Приостанавливались у раскрытых ворот городка и таяли в их мраке.
Вот крикнул кто-то, и Опенкин подскочил от оглушительно ахнувшего выстрела…
Ожила, пробудилась ночь, наконец — то развязался узел молчания.
Жиденько в начале, поднялось ура. Перекинулось подхваченное…
Шум окреп.
Ура росло, вливались новые глотки, разрастался грозный гул…
Ударил выстрел — потонул в человеческом реве.
Резко, перебивая голоса, как сорвавшийся с цепи, загрохотал пулемет и тут же стих, точно подавился.
В бездне двора металась неясная, разъяренная масса, точно озеро разбушевавшееся билось в берега.
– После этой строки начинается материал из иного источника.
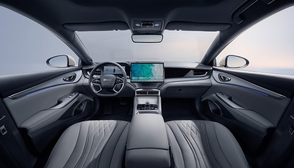 内部设计方面,海豹采用新款方向盘(但入镜车型款式未出现变更)和新增的橙配色,重新设计的仪表台提升了内饰视觉效果。海豹07 DM-i内饰全系标配流光灰配色,增添了铝饰条装饰。两款车型均搭载最新DiLink系统,提高用户操作体验。

В окнах, вверху мелькали и тухли нервные вспышки огней… Бежали там, внутри со свечами. Уже переплескиваются в улицу брызги людской волны — выскакивают за ворота одиночные люди. Поминутно то там, то здесь властно прокатывается выстрел, алей и ярче полыхает зарево на кирпичных стенах, слившихся с ночью.
Визги, крики. Несется к опенкинскому забору раздерганная кучка людей, спинами ударяются в затрещавшие доски. Короткими револьверными хлопками огрызаются на со всех сторон наседающую массу.
— Братцы, спасите, спасите, — пронзительно верещит знакомый Опенкину голос, голос Малинина, городского головы…
И тут же, словно прорвав плотину, поток солдат, винтовки наперевес, обрушивается на прижатых к забору…
Их девять человек.
Это их, отворив свой зев, выбросила тюрьма в темень ночи.
По трое в ряд. Руки скручены за спиною.
Мерно шагают, идут — куда?
Как гроба заколоченные дома — отклика не дождешься.
Предали их ночной пустыне, от живых еще отрешились люди, позабыли.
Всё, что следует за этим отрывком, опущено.